Tribunal Administratif de Nice — Décision N° TA06-2203089

mercredi 23 avril 2025

JuridictionTribunal Administratif de Nice
SectionTribunal Administratif de Nice
N° DossierTA06-2203089
TypeDécision
PublicationC
Formation3ème Chambre

Résumé IA

Le Tribunal Administratif de Nice a annulé la décision du 28 avril 2022 par laquelle le principal du collège Jules Romains avait prononcé une exclusion temporaire de trois jours contre un élève pour une injure raciste. La juridiction a jugé que les faits reprochés n'étaient pas matériellement établis, faute de témoignages circonstanciés ou de preuves suffisantes, et a écarté l'exception de non-lieu soulevée par la rectrice, l'effacement de la sanction du dossier scolaire ne privant pas le recours de son objet. En conséquence, le tribunal a annulé la sanction pour excès de pouvoir, sans se prononcer sur les conclusions indemnitaires, celles-ci étant irrecevables faute de demande préalable auprès de l'administration. La décision s'appuie sur les articles R. 511-13 du code de l'éducation et R. 421-1 du code de justice administrative.

Texte intégral

Vu la procédure suivante :

Par une requête, enregistrée le 22 juin 2022, M. D C, agissant en qualité de représentant légal de son fils mineur A B C, demande au tribunal :

1°) d'annuler pour excès de pouvoir la décision du 28 avril 2022 par laquelle le principal du collège Jules Romains à Nice a prononcé une sanction d'exclusion temporaire de trois jours à l'encontre de son fils A B C ;

2°) de condamner l'Etat à lui verser une somme de 1 500 euros en réparation du préjudice subi ;

3°) de mettre à la charge de l'Etat une somme de 3 000 euros au titre de l'article L. 761-1 du code de justice administrative.

Il soutient que :

- le dossier disciplinaire de son fils ne comportait pas toutes les pièces qu'il aurait dû contenir ;

- le principe du contradictoire a été méconnu dès lors qu'il n'a pas pu avoir accès à l'ensemble du dossier disciplinaire de son fils ;

- la matérialité des faits qui ont fondé la sanction n'est pas établie ;

- la sanction est entachée d'une erreur de qualification juridique et d'une erreur d'appréciation.

Par un mémoire en défense, enregistré le 13 novembre 2024, la rectrice de l'académie de Nice conclut, à titre principal, au non-lieu à statuer et à titre subsidiaire, au rejet de la requête.

Elle soutient que :

- la sanction disciplinaire en litige ayant été effacée du dossier scolaire A B, la requête a perdu son objet de sorte qu'il n'y a plus lieu d'y statuer ;

- les moyens soulevés par le requérant ne sont pas fondés.

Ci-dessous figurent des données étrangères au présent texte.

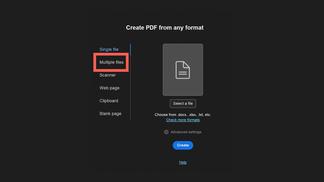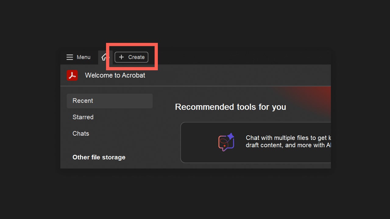 To merge several files into a PDF, open Adobe Acrobat, and in the top tabs, click on + Create.

Par ordonnance du 14 novembre 2024, la clôture d'instruction a été fixée au 16 décembre 2024 à 12h00.

Vu les autres pièces du dossier.

Vu :

- le code de l'éducation ;

- le code de justice administrative ;

Les parties ont été régulièrement averties du jour de l'audience.

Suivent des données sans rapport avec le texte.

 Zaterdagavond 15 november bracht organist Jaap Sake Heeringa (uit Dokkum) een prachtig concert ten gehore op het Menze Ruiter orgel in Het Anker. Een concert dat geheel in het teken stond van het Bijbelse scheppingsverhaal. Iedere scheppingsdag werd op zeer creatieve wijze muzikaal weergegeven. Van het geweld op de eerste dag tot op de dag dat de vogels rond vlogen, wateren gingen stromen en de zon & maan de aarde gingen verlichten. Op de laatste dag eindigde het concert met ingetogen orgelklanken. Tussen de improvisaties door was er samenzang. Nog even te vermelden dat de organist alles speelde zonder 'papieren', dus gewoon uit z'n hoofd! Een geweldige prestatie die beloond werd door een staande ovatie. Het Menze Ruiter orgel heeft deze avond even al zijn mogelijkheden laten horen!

Ont été entendus au cours de l'audience publique du 19 mars 2025 :

- le rapport de M. Loustalot-Jaubert, rapporteur,

- et les conclusions de M. Ringeval, rapporteur public,

Considérant ce qui suit :

1. M. A B C était scolarisé en classe de 4ème au sein du collège Jules Romains à Nice pour l'année scolaire 2021-2022. Par une décision du 28 avril 2022, le principal du collège a prononcé à son encontre une sanction d'exclusion temporaire de l'établissement d'une durée de trois jours, en raison d'une injure à caractère raciste qu'il aurait adressée à un autre élève. Par sa requête, M. C, agissant en qualité de représentant légal de son fils A B, demande au tribunal d'annuler cette décision.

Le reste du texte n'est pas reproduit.